Effect of Size and Shape on Thermo-‎Elastic Properties of Nano-Germanium

Document Type : Research Paper

Authors

1 ‎Department of Physics, St. Xavier's College (Autonomous),‎ Ahmedabad-380009, Gujarat, India‎

2 ‎Department of Physics, Government Science College, Sec-15,‎ Gandhinagar-382415, India‎

3 ‎Department of Physics, St. Xavier's College (Autonomous),‎ Ahmedabad-380009, Gujarat, India

Abstract

   Germanium is a semiconductor with varied applications in the field of nanoscience and other fields of science. With known information about the bulk properties of germanium, an effort has been made to investigate the characteristics of germanium when it is in nanoscale size. The effective use of germanium and its compound in nanotechnology and other fields requires an intensive study of the thermo-elastic properties in nano scale.
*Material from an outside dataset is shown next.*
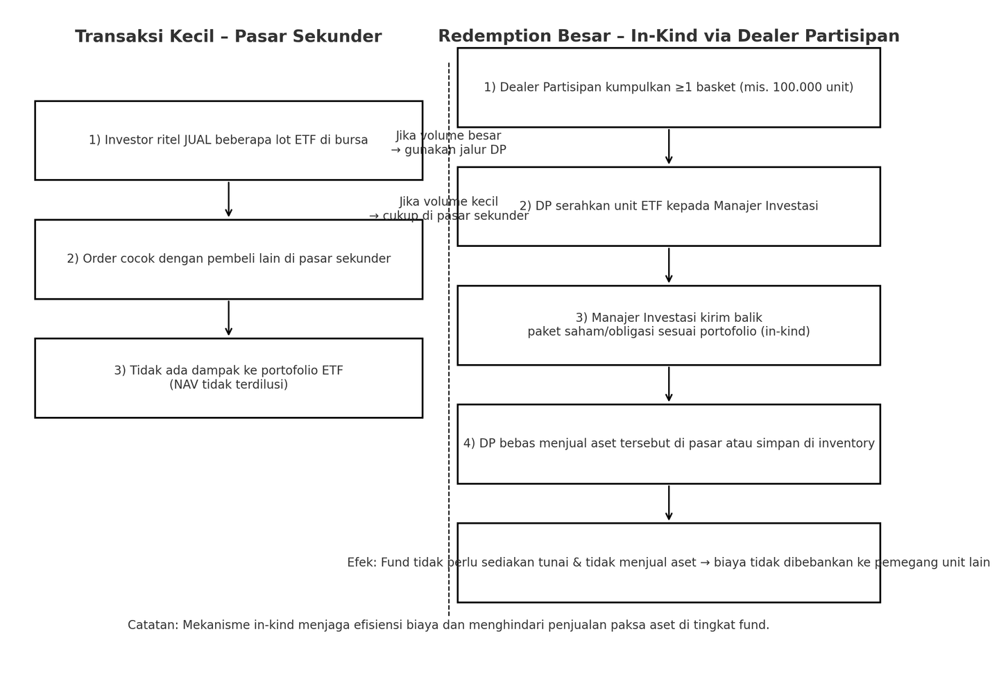 Jika investor ritel ingin menjual unit ETFnya, bisa dilakukan di bursa seperti jual saham pada umumnya. Bahkan penjualan dengan jumlah kecil bisa melalui pasar sekunder yang transaksinya cukup antar investor saja. Jadi tidak berdampak ke seluruh investor yang memiliki unit di ETF tersebut.

Effect of size and shape on the melting temperature, thermal expansivity, and bulk modulus has been studied for pure nano germanium. An attempt has been made to compute Young's modulus using two different formalisms. A comparative study of both the formalisms with experimental values is presented in this work. The comparative study for Young's modulus brings out the most suitable formalism for germanium nano crystal to calculate this modulus.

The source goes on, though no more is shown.